PROBLEM DETAILS> Output all the records below, word for word.

[INPUT DATA Boundary: Start]

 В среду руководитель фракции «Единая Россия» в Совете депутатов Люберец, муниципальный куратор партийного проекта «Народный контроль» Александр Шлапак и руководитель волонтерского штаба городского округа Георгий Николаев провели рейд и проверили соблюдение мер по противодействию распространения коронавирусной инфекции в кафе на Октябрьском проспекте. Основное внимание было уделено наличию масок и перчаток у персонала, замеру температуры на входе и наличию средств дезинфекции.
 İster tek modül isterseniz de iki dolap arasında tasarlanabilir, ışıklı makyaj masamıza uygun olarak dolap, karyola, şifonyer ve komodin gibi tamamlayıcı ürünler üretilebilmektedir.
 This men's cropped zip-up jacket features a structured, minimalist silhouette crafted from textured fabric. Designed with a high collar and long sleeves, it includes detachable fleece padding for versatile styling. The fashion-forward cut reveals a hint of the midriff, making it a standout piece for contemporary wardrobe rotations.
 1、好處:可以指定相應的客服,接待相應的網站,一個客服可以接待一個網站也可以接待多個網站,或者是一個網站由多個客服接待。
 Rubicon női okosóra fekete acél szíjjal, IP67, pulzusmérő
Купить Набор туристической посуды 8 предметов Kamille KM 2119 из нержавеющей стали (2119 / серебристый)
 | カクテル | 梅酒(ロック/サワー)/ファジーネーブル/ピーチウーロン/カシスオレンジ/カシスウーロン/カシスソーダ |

[INPUT DATA Boundary: End]

SOLUTION FOR THIS EXERCISE>
 В среду руководитель фракции «Единая Россия» в Совете депутатов Люберец, муниципальный куратор партийного проекта «Народный контроль» Александр Шлапак и руководитель волонтерского штаба городского округа Георгий Николаев провели рейд и проверили соблюдение мер по противодействию распространения коронавирусной инфекции в кафе на Октябрьском проспекте. Основное внимание было уделено наличию масок и перчаток у персонала, замеру температуры на входе и наличию средств дезинфекции.
 İster tek modül isterseniz de iki dolap arasında tasarlanabilir, ışıklı makyaj masamıza uygun olarak dolap, karyola, şifonyer ve komodin gibi tamamlayıcı ürünler üretilebilmektedir.
 This men's cropped zip-up jacket features a structured, minimalist silhouette crafted from textured fabric. Designed with a high collar and long sleeves, it includes detachable fleece padding for versatile styling. The fashion-forward cut reveals a hint of the midriff, making it a standout piece for contemporary wardrobe rotations.
 1、好處:可以指定相應的客服,接待相應的網站,一個客服可以接待一個網站也可以接待多個網站,或者是一個網站由多個客服接待。
 Rubicon női okosóra fekete acél szíjjal, IP67, pulzusmérő
Купить Набор туристической посуды 8 предметов Kamille KM 2119 из нержавеющей стали (2119 / серебристый)
 | カクテル | 梅酒(ロック/サワー)/ファジーネーブル/ピーチウーロン/カシスオレンジ/カシスウーロン/カシスソーダ |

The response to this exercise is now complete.